De nouvelles preuves recueillies par Human Rights Watch impliquent des milices basées à Misrata dans l’apparente exécution de plusieurs dizaines de détenus suite à la capture et à la mort de Mouammar Kadhafi il y a un an, a déclaré Human Rights Watch dans un rapport publié aujourd’hui. Les autorités libyennes n’ont pas tenu leur engagement d’enquêter sur la mort de Kadhafi, l’ancien dictateur de la Libye, de son fils Mouatassim et de dizaines d’autres personnes détenues par les rebelles, a indiqué Human Rights Watch.

Le rapport de 50 pages, intitulé « Death of a Dictator: Bloody Vengeance in Sirte » (« Mort d’un dictateur : Vengeance sanglante à Syrte »), revient en détail sur les dernières heures de Mouammar Kadhafi et sur les circonstances dans lesquelles il a été tué. Le rapport présente des éléments qui prouvent que des milices basées à Misrata ont capturé et désarmé des membres du convoi de Kadhafi et, après les avoir placés sous leur contrôle intégral, les ont brutalement passés à tabac. Les milices ont ensuite exécuté non loin de là, à l’hôtel Mahari, au moins 66 membres du convoi qu’elles avaient capturés. Les preuves indiquent que des milices de l’opposition ont emmené le fils de Kadhafi, Mouatassim, blessé, de Syrte à Misrata, où elles l’ont tué.

« Les éléments de preuve suggèrent que des milices de l’opposition ont exécuté à Syrte au moins 66 membres du convoi de Kadhafi qui avaient été capturés », a déclaré Peter Bouckaert, directeur de la division Urgences à Human Rights Watch. « Il semblerait également qu’elles aient emmené Mouatassim Kadhafi, blessé, jusqu’à Misrata où elles l’ont tué. Nos recherches remettent en cause l’affirmation des autorités libyennes selon laquelle Mouammar Kadhafi a été tué dans des tirs croisés et non pas après avoir été capturé. »

Parmi les nouvelles preuves les plus convaincantes figure un clip vidéo filmé sur un téléphone portable par des membres des milices de l’opposition qui montre un groupe important de membres du convoi capturés et placés en détention en train de se faire insulter et malmener.
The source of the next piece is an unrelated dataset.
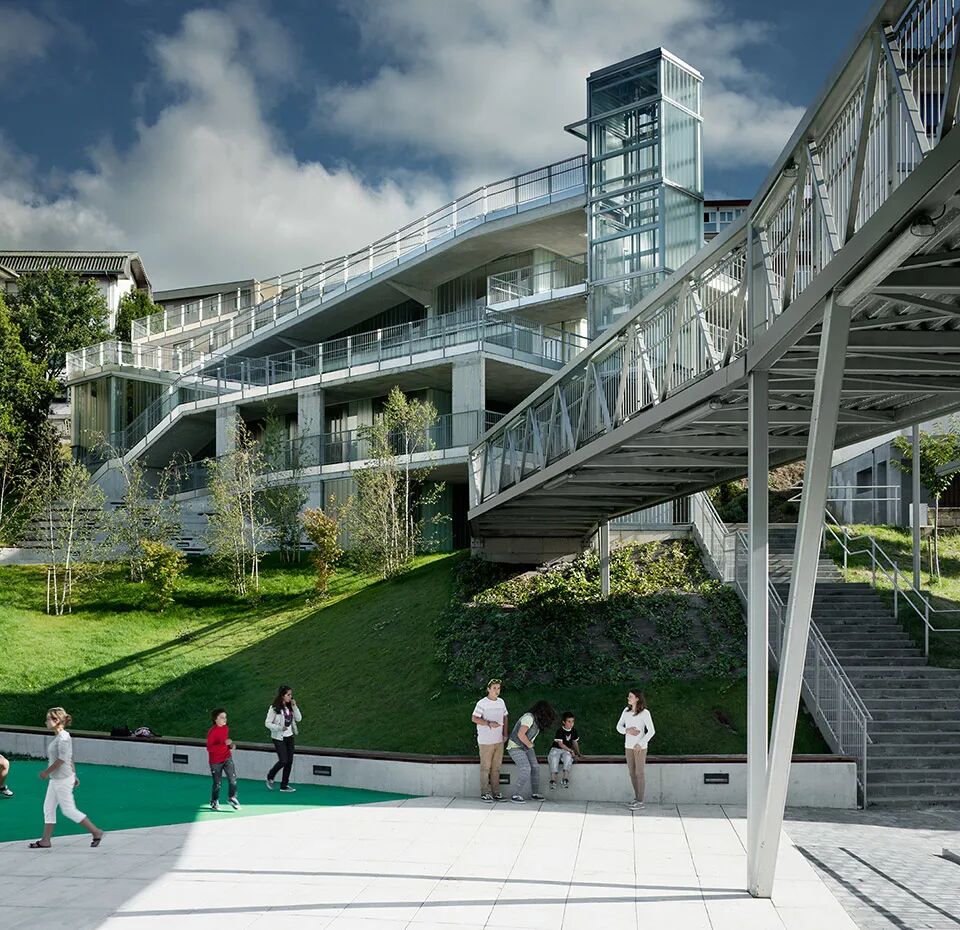 周围居民可以通过坡道和楼梯,参观建筑的外部周边,穿过公园的坡道和楼梯也使相邻建筑的交通具有连续性。

Human Rights Watch a établi à partir des photos de la morgue de l’hôpital qu’au moins 17 des détenus qui apparaissent dans ce clip vidéo ont ensuite été exécutés à l’hôtel Mahari.

En vertu des lois de la guerre, tuer des combattants capturés constitue un crime de guerre, et les autorités civiles et militaires libyennes sont tenues d’enquêter sur les crimes de guerre et les autres atteintes au droit humanitaire international.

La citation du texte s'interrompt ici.